(TargetLiberty.org) – With the holidays just around the corner, many retail shops and businesses continue to face difficulties finding help. Rather than lacking access to the right people for the job, some organizations can’t attract any applicants at all. Some analysts worry that worker shortage will worsen inflation and drive up prices over Christmas, increasing financial strain on Americans and posing serious risks to the economy.
Worker Shortage Stymies Businesses
The National Retail Federation (NRF) reports that retailers will likely bring on 500,000 to 665,000 seasonal workers nationwide in advance of the impending holiday shopping season. While many of these jobs only last a few weeks or months, temporary staff play a critical role in allowing businesses to keep up with increased demand. The fact that businesses are already reporting difficulty finding people to work does not bode well for shoppers or companies.
The ongoing shortage of workers carries dire consequences for businesses of every size and level, ranging all the way from small mom-and-pop shops to major corporations. Smaller organizations tend to suffer the most severe side effects; too few workers often means they have to shorten hours or even close up shop.
Yet, experts say even conglomerates like Walmart, Macy’s, and Amazon face a protracted hiring challenge. An article from CBS News reports that Amazon is short approximately 150,000 people, while Kohl’s seeks 90,000 people. UPS is so desperate for workers that Communications Supervisor Sarah Shatan says they’re often hiring people on the spot, sometimes in less than half an hour.
With the NRF predicting a record-breaking retail sales season, those shortages amount to a double whammy for both businesses who are already struggling to keep up and the consumers who frequent them. It’s a recipe for disaster some analysts worry could end up having disastrous consequences on the economy for some time.
Economic Effects Could Last for Years
Job shortages affect the economy in a variety of ways. The most obvious fallout is the effect on day-to-day operations. A lack of workers slows production, which worsens supply chain struggles and creates backlogs in stock. When businesses produce or source fewer items, that means they’re also making fewer sales; less money flows into the economy.
There are other consequences, too. As we’ve seen over the past year, issues with the supply chain often drive prices up. Increased demand might even make it impossible to access certain products. Consumers can’t buy what isn’t available on the open market. While many will spend their money elsewhere, it still has the potential to pull cash out of the economy, which could worsen inflation.
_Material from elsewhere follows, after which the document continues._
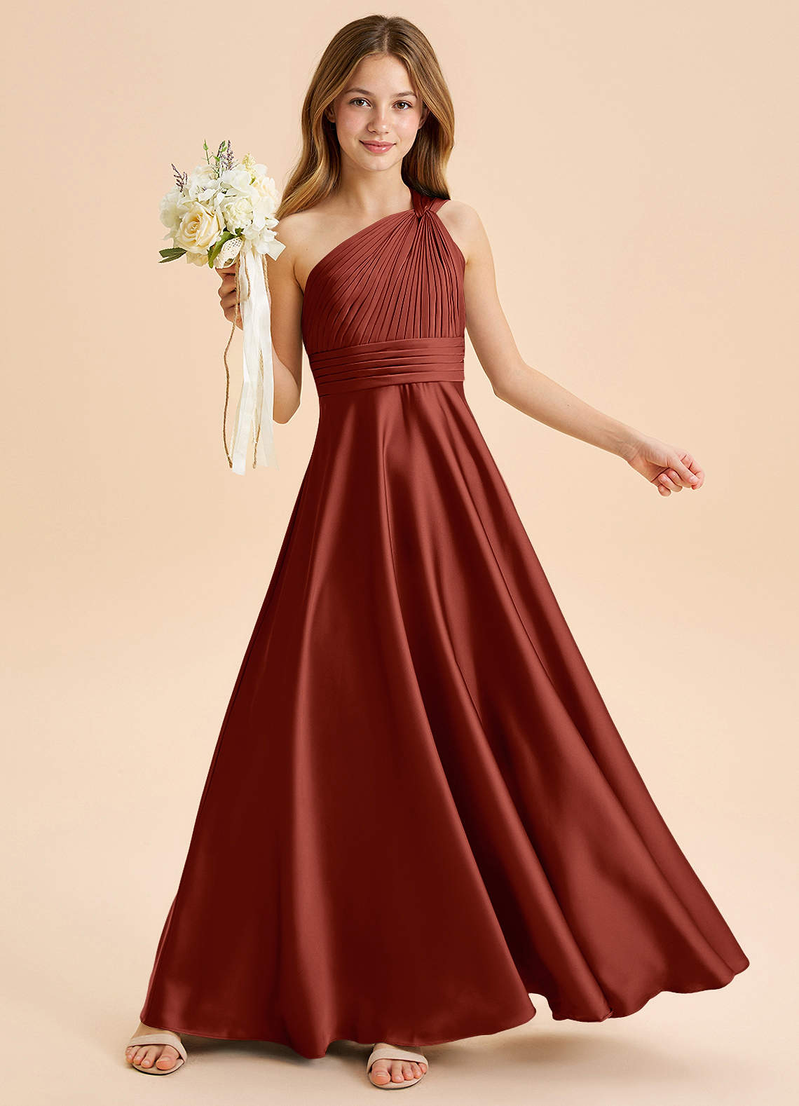 Abito A-Line in Raso Elasticizzato Plissettato Terracotta
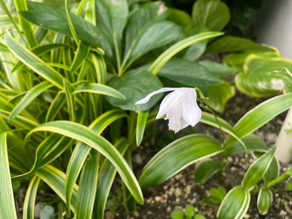 紫陽花コーナーの足元に白花の斑入りシランを増やしました😀今までは白いカラーだったんですが、ずっと違和感があったので掘り上げて実家に出戻り🤣

Inequalities in how businesses cope with worker shortages also represent an economic risk. While conglomerates such as Walmart or Amazon often have access to the kind of money and resources needed to compensate, typically by offering astronomical increases in wages, signing bonuses, and other incentives, small businesses simply don’t have the same options.
Fewer working hours, a lack of stock, and temporary closures can be a death sentence for already-struggling small businesses. Holiday sales are often critical to their year-round viability. While they may not necessarily contribute as much to the economy as a major corporation like Amazon, collective losses, closures, and slumps still impact the economy. The situation also makes life a whole lot harder for the everyday middle-class Americans who run them.